Parker, Spurs provide lesson plan

After the Dallas Mavericks improbably knotted their first-round series with San Antonio 3-3, bringing the Spurs to the brink of elimination, the Spurs have now won their past two games by a total of 47 points, with Parker scoring 65 points total in that span.

He's played so well these past two games that the scales might have even been tipped more toward apt than obnoxious when the AT&T Center crowd serenaded him with an "M-V-P" chant in the second half, even though Oklahoma City's Kevin Durant was awarded the trophy earlier in the day.

"I think we had a great Game 7 where everybody was really focused, really understood the game plan, our energy was there, and I think that just carried over into this one," said Tim Duncan, who had 12 points, 11 rebounds and two blocks during an easy 24-minute night. "I hope we can carry it throughout."

Parker, who twisted his left ankle in Game 4 against Dallas and was still receiving treatment on it right up until Game 1 against Portland, seems content on continuing to carry the Spurs.

"I'm fine," Parker said. "I barely played in April.
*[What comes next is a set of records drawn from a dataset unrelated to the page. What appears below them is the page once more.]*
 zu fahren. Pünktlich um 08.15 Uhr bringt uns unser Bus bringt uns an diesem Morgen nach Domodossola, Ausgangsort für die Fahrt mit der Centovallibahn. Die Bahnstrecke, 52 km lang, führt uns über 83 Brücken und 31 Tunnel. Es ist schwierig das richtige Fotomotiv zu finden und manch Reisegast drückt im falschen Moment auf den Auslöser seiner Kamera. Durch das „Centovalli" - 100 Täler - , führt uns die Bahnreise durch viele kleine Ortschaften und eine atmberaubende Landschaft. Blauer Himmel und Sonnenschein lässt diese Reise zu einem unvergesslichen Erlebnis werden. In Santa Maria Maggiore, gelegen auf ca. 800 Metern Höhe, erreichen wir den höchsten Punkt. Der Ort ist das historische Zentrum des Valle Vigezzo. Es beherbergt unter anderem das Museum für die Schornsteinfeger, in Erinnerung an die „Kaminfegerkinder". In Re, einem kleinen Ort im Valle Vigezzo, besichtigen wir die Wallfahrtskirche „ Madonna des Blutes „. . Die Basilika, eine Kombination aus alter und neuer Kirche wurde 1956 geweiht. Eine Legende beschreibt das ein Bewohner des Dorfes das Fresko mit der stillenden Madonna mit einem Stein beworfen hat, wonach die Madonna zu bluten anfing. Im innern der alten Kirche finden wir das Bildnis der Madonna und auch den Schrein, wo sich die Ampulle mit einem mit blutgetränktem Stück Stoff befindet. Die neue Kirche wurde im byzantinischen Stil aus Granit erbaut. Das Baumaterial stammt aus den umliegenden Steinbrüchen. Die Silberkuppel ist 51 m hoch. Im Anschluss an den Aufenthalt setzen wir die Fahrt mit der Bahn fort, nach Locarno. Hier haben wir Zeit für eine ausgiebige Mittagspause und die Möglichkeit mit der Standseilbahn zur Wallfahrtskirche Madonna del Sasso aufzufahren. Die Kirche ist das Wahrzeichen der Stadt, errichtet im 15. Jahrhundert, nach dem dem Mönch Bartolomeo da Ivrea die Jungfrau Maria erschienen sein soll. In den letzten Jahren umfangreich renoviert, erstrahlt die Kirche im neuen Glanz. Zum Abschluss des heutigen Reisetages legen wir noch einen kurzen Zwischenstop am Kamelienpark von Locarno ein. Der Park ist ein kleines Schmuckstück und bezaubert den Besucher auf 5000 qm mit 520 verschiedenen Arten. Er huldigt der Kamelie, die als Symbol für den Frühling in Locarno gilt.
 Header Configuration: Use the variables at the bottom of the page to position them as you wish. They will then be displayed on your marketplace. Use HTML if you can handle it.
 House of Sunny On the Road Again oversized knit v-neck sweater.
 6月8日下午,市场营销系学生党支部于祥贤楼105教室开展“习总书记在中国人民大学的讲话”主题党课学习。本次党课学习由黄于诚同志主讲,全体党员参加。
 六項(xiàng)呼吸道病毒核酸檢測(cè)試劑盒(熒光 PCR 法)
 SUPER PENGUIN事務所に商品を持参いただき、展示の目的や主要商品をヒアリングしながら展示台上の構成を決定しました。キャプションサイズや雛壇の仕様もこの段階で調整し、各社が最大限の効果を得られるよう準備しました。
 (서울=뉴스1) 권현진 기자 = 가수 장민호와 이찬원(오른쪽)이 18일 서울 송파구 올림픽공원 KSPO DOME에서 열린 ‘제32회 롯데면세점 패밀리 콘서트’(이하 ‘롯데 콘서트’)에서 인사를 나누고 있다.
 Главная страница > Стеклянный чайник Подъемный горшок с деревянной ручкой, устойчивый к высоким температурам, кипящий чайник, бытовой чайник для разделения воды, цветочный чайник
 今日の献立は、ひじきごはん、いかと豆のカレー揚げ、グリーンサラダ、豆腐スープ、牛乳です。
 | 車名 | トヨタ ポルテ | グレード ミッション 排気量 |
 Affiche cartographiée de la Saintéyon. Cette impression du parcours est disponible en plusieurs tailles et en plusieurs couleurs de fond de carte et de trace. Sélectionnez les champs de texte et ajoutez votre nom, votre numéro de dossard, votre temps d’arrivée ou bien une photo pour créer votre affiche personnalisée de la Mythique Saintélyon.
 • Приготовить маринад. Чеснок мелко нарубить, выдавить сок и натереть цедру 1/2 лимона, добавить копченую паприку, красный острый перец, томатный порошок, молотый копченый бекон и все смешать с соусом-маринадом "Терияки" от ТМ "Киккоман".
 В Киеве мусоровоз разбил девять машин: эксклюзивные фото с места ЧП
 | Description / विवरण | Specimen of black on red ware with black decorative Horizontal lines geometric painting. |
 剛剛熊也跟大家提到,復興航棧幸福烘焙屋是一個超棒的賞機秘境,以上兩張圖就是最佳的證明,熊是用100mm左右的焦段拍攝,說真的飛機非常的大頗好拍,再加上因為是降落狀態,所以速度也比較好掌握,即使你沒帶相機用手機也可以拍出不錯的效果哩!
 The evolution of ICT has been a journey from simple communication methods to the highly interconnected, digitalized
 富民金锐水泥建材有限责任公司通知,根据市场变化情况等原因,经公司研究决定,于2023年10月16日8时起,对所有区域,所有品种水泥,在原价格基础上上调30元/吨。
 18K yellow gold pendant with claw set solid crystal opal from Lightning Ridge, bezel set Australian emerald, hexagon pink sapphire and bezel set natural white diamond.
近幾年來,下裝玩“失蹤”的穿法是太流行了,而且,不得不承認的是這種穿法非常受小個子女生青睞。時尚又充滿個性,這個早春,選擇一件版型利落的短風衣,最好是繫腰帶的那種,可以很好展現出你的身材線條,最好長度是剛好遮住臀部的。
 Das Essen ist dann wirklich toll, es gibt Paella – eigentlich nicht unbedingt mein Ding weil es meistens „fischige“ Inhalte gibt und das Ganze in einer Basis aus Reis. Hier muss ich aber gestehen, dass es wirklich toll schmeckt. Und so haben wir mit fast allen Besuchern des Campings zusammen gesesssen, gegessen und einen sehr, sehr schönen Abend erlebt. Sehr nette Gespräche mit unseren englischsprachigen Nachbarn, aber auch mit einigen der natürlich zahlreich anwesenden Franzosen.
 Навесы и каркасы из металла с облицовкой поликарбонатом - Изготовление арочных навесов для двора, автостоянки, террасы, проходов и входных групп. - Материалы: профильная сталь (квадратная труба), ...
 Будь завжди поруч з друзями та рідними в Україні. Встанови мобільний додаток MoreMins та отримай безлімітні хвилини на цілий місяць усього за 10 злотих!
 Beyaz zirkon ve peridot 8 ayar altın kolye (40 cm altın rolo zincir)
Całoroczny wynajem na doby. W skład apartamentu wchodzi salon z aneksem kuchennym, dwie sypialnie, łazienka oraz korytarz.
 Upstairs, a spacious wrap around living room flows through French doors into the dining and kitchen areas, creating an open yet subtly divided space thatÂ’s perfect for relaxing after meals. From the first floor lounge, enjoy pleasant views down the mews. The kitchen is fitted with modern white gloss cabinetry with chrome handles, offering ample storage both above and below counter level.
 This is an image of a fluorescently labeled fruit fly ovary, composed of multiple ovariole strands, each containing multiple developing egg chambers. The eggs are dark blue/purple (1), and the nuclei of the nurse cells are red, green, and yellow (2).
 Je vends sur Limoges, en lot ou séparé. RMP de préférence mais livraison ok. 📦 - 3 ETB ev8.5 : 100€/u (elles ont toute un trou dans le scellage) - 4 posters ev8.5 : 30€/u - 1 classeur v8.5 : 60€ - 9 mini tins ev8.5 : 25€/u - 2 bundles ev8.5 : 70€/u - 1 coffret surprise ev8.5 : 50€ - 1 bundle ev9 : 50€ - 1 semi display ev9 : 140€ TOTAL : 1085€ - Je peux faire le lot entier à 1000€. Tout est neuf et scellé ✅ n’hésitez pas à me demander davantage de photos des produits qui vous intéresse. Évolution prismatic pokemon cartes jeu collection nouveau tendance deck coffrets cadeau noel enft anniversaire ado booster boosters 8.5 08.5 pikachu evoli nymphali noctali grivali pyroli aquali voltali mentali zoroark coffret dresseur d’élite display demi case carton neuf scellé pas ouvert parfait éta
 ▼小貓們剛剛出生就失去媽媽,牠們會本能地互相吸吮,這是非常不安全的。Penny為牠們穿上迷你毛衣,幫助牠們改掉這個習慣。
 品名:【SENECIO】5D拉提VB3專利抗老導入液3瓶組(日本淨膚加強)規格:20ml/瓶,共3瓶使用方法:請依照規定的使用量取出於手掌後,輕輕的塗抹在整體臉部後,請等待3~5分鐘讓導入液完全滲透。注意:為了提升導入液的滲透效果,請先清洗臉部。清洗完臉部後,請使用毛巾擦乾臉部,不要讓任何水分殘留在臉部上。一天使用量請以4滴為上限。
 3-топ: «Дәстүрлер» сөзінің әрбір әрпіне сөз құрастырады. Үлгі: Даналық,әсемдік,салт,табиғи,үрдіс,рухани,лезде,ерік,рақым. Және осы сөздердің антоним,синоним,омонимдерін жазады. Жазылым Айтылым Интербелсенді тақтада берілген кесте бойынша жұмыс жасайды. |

Pop rested me so many games, I was joking with him if I was still with the Spurs.

The Spurs were supposed to be the exhausted team Tuesday, having gone the distance with Dallas and thus getting two fewer days' rest than the Blazers, who scuttled the Rockets in six.

Blazers coach Terry Stotts even joked before tipoff about their experience: "Some people call it experience, some people call it age. Depends on your perspective."

But it played out just the opposite. The Spurs got the 50-50 balls. The Spurs made that extra step on their closeouts.

The Spurs were quicker in putting a body on someone to box out as soon as a shot went up. Twelve of Portland's 20 turnovers came as a result of steals by San Antonio. They just blitzed the Blazers.

"That's as well as I've seen San Antonio play," said Stotts.

"That's a championship team," said Lillard.

"I think they definitely came out and they let us know how it's going to be," said Aldridge.

Meanwhile, it wasn't just Parker on the top of his game for San Antonio. The Spurs' bench outscored the Blazers' reserves 50-18, and that's with Manu Ginobili struggling with only two points on 0-for-6 shooting from the field. Marco Belinelli picked up the slack, scoring 19 points on 7-for-9 shooting, something that Parker called the "best news of the night."

Popovich said he hadn't "figured out anything magical" to thwart Portland before the game, but he sure seemed to sprinkle some pixie dust on Aron Baynes when he plucked him from the bench in waning minutes of the first quarter.

Baynes played just six total minutes in the first round -- garbage time in at the end of San Antonio's Game 7 blowout win -- before all of the sudden getting seven minutes in the first half alone in Game 1, putting up eight points on 4-for-4 shooting and five rebounds before halftime en route to 10 and seven for the night.

"Tonight was really like textbook Spurs basketball," said Diaw.

And the first chapter in that textbook was all about Parker.